### INSTRUCTIONS TO FOLLOW
A partial copy is required: transcribe exactly the lines from the one containing "根据湖南省委党的群众路线教育" through the last line below, without any pictures.

### INPUT DATA
=-=-=-=-=
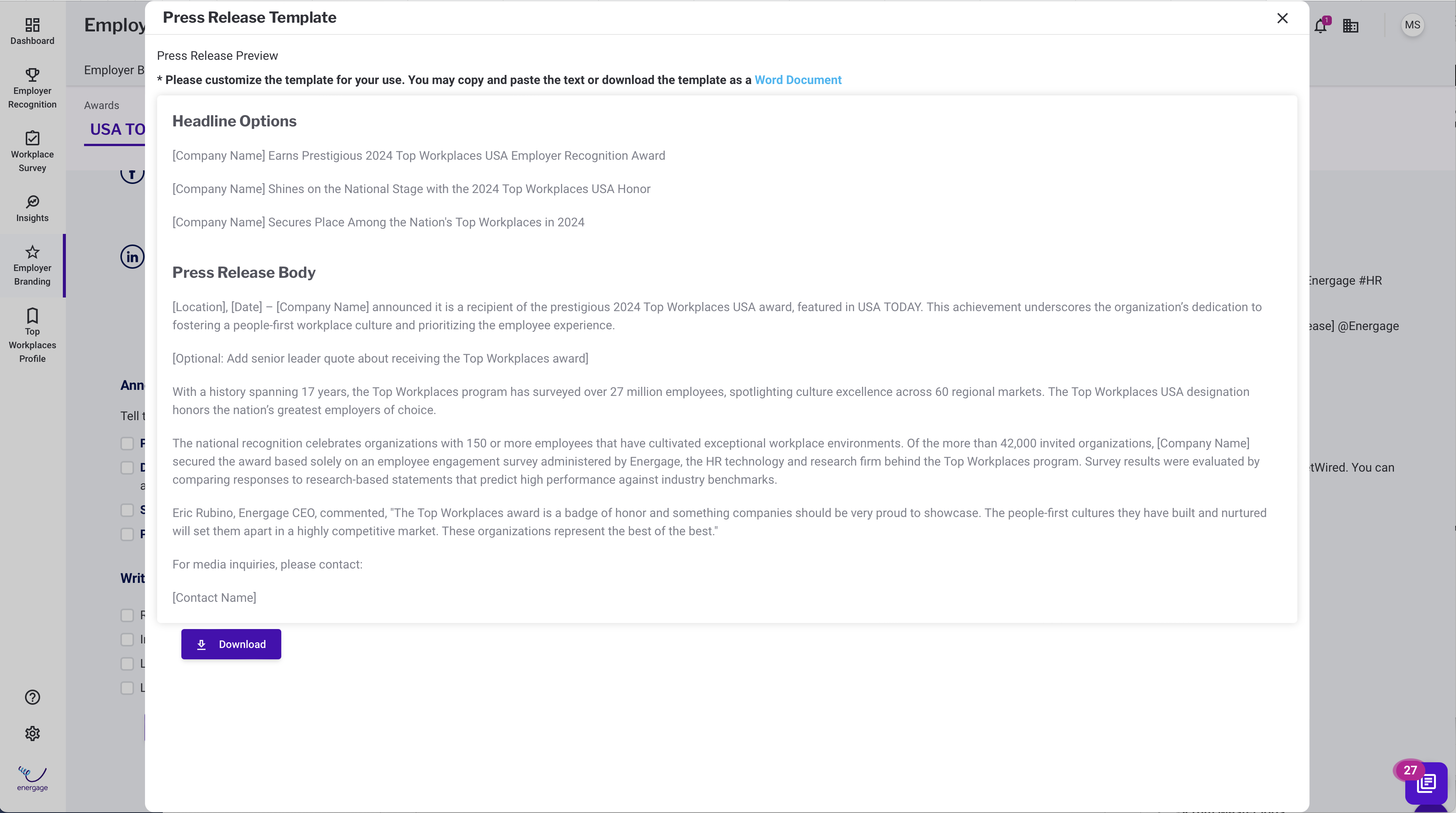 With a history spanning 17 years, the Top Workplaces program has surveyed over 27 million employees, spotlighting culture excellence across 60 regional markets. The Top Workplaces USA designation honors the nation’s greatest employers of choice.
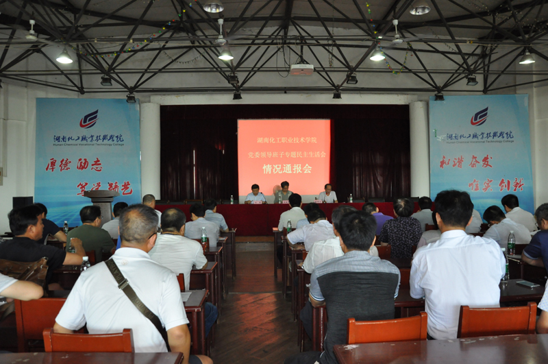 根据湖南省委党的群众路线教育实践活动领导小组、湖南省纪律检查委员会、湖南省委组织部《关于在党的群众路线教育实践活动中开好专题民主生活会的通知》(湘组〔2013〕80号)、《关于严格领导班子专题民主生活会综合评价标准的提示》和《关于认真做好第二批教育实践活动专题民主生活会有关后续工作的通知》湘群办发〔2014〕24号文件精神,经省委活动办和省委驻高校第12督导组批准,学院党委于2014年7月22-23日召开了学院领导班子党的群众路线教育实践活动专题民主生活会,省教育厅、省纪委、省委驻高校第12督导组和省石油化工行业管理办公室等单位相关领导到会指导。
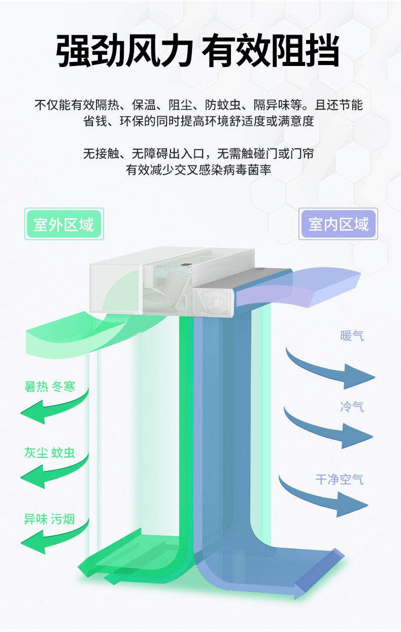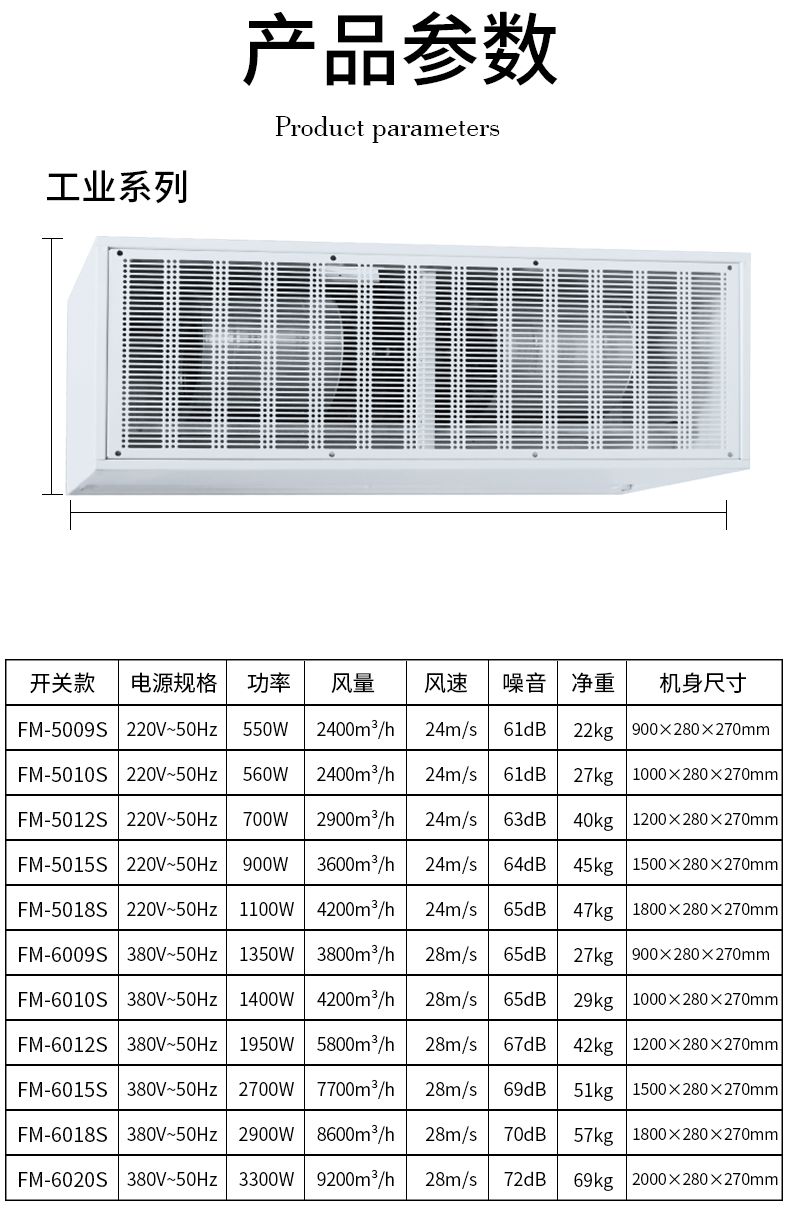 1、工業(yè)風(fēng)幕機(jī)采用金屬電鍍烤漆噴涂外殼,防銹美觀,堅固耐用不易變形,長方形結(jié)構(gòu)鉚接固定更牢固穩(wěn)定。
=-=-=-=-=
### WRITTEN REPLY
 根据湖南省委党的群众路线教育实践活动领导小组、湖南省纪律检查委员会、湖南省委组织部《关于在党的群众路线教育实践活动中开好专题民主生活会的通知》(湘组〔2013〕80号)、《关于严格领导班子专题民主生活会综合评价标准的提示》和《关于认真做好第二批教育实践活动专题民主生活会有关后续工作的通知》湘群办发〔2014〕24号文件精神,经省委活动办和省委驻高校第12督导组批准,学院党委于2014年7月22-23日召开了学院领导班子党的群众路线教育实践活动专题民主生活会,省教育厅、省纪委、省委驻高校第12督导组和省石油化工行业管理办公室等单位相关领导到会指导。
 1、工業(yè)風(fēng)幕機(jī)采用金屬電鍍烤漆噴涂外殼,防銹美觀,堅固耐用不易變形,長方形結(jié)構(gòu)鉚接固定更牢固穩(wěn)定。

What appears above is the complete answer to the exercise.